27 de noviembre de 2009

Lula: que los "gringos" ayuden al Amazonas

Redacción
BBC Mundo

El presidente de Brasil, Luiz Inácio Lula da Silva, exigió que las naciones industrializadas paguen a los países de la cuenca amazónica para prevenir la deforestación.

Durante la cumbre de países amazónicos que se realiza en Manaos, el presidente Lula utilizó el apelativo de "gringo" para referirse no solo a los estadounidenses sino a todos los extranjeros de países ricos.

"Que ningún gringo (extranjero) nos pida que permitamos que un amazónico se muera de hambre bajo un árbol", declaró Lula en un discurso emitido antes de la reunión.

"Queremos conservar (la selva), pero (otos países) tendrán que pagar por esa conservación".

La reunión sucede poco antes de la crucial cumbre global sobre el cambio climático en Copenhague, Dinamarca.

Lula da Silva presidió la cumbre que incluyó delegados de Bolivia, Colombia, Ecuador, Guyana, Perú, Venezuela y Surinam, con la asistencia del presidente de Francia Nicolás Sarkozy en representación de la Guayana Francesa.

Lula y Sarkozy coincidieron en que los países industrializados deberían asistir a los más pobres a combatir el cambio climático.

"Los pobres necesitan ser apoyados sin que ningún país entregue su soberanía", manifestó el presidente Lula.

Sin propuestas concretas

El enviado de la BBC a Manaos, Pablo Cabral, informa que los asistentes a la cumbre intentan formular una postura conjunta de los países de la Amazonía y Francia para ser presentada en Copenhague.


El comunicado común acordado en Brasil establece principios generales, mas no propuestas nuevas o concretas, comenta el corresponsal de la BBC.

Cabral añade que la mayoría de los presidentes invitados a la cumbre no asistieron a Manaos, aunque enviaron ministros y embajadores para sellar el acuerdo.

Brasil propuso combatir la deforestación de selva amazónica con el apoyo financiero de los países ricos.

En la Declaración de Manaos, los países amazónicos apoyan la meta establecida por la ONU de una reducción global de 40% de las emisiones de gases que producen el efecto invernadero para 2020.
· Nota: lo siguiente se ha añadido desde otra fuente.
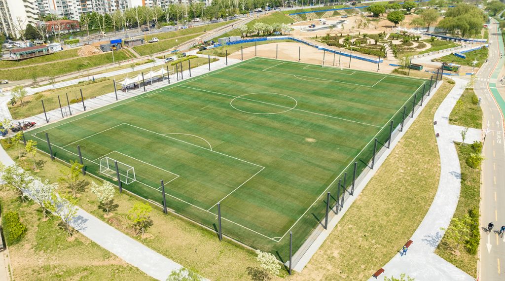 새롭게 탄생한 축구장은 바닥에 가로 101m, 세로 71m 총 7171㎡ 인조잔디를 깔고, 하부에는 아스콘을 전면 타설해 잔디와의 밀착도를 높여 집중호우에도 분리되지 않도록 했다. 부드러운 질감의 인조잔디는 축구 경기 도중 발생하기 쉬운 부상 방지에도 효과적일 것으로 보인다.
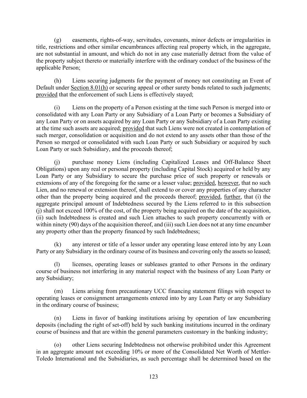 123 (g) easements, rights-of-way, servitudes, covenants, minor defects or irregularities in title, restrictions and other similar encumbrances affecting real property which, in the aggregate, are not substantial in amount, and which do not in any case materially detract from the value of the property subject thereto or materially interfere with the ordinary conduct of the business of the applicable Person; (h) Liens securing judgments for the payment of money not constituting an Event of Default under Section 8.01(h) or securing appeal or other surety bonds related to such judgments; provided that the enforcement of such Liens is effectively stayed; (i) Liens on the property of a Person existing at the time such Person is merged into or consolidated with any Loan Party or any Subsidiary of a Loan Party or becomes a Subsidiary of any Loan Party or on assets acquired by any Loan Party or any Subsidiary of a Loan Party existing at the time such assets are acquired; provided that such Liens were not created in contemplation of such merger, consolidation or acquisition and do not extend to any assets other than those of the Person so merged or consolidated with such Loan Party or such Subsidiary or acquired by such Loan Party or such Subsidiary, and the proceeds thereof; (j) purchase money Liens (including Capitalized Leases and Off-Balance Sheet Obligations) upon any real or personal property (including Capital Stock) acquired or held by any Loan Party or any Subsidiary to secure the purchase price of such property or renewals or extensions of any of the foregoing for the same or a lesser value; provided, however, that no such Lien, and no renewal or extension thereof, shall extend to or cover any properties of any character other than the property being acquired and the proceeds thereof; provided, further, that (i) the aggregate principal amount of Indebtedness secured by the Liens referred to in this subsection (j) shall not exceed 100% of the cost, of the property being acquired on the date of the acquisition, (ii) such Indebtedness is created and such Lien attaches to such property concurrently with or within ninety (90) days of the acquisition thereof, and (iii) such Lien does not at any time encumber any property other than the property financed by such Indebtedness; (k) any interest or title of a lessor under any operating lease entered into by any Loan Party or any Subsidiary in the ordinary course of its business and covering only the assets so leased; (l) licenses, operating leases or subleases granted to other Persons in the ordinary course of business not interfering in any material respect with the business of any Loan Party or any Subsidiary; (m) Liens arising from precautionary UCC financing statement filings with respect to operating leases or consignment arrangements entered into by any Loan Party or any Subsidiary in the ordinary course of business; (n) Liens in favor of banking institutions arising by operation of law encumbering deposits (including the right of set-off) held by such banking institutions incurred in the ordinary course of business and that are within the general parameters customary in the banking industry; (o) other Liens securing Indebtedness not otherwise prohibited under this Agreement in an aggregate amount not exceeding 10% or more of the Consolidated Net Worth of Mettler- Toledo International and the Subsidiaries, as such percentage shall be determined based on the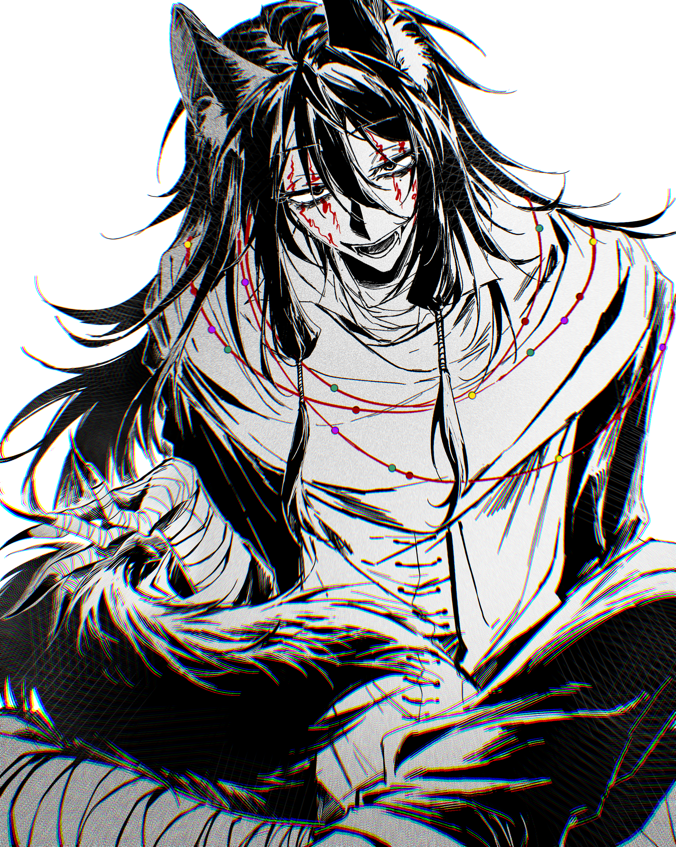 1boy absurdres animal_ears bandaged_hand bandages cat_boy cat_ears cat_tail chinese_commentary chromatic_aberration claws commentary_request facial_tattoo fangs film_grain greyscale hair_between_eyes hand_up highres long_bangs long_hair male_focus mole mole_under_eye monochrome open_mouth pants scarf shirt shiyu_sandu simple_background sitting smile solo spot_color tail tattoo touqi_guaitan white_background ziche_fuzhao

Durante la cumbre, el gobierno brasileño hizo una presentación de sus esfuerzos por reducir la destrucción del Amazonas como una parte clave de su estrategia para combatir el cambio climático.

A comienzos de este mes, Brasil afirmó que la tasa de deforestación de la selva había caído 45%, la más baja desde que se inició el monitoreo hace 21 años.

Señaló que poco más de 7.000 kilómetros cuadrados fueron destruidos entre julio de 2008 y agosto de 2009.

El grupo ambientalista Greenpeace recibió con beneplácito las recientes cifras pero insiste en que todavía hay demasiada destrucción de la selva.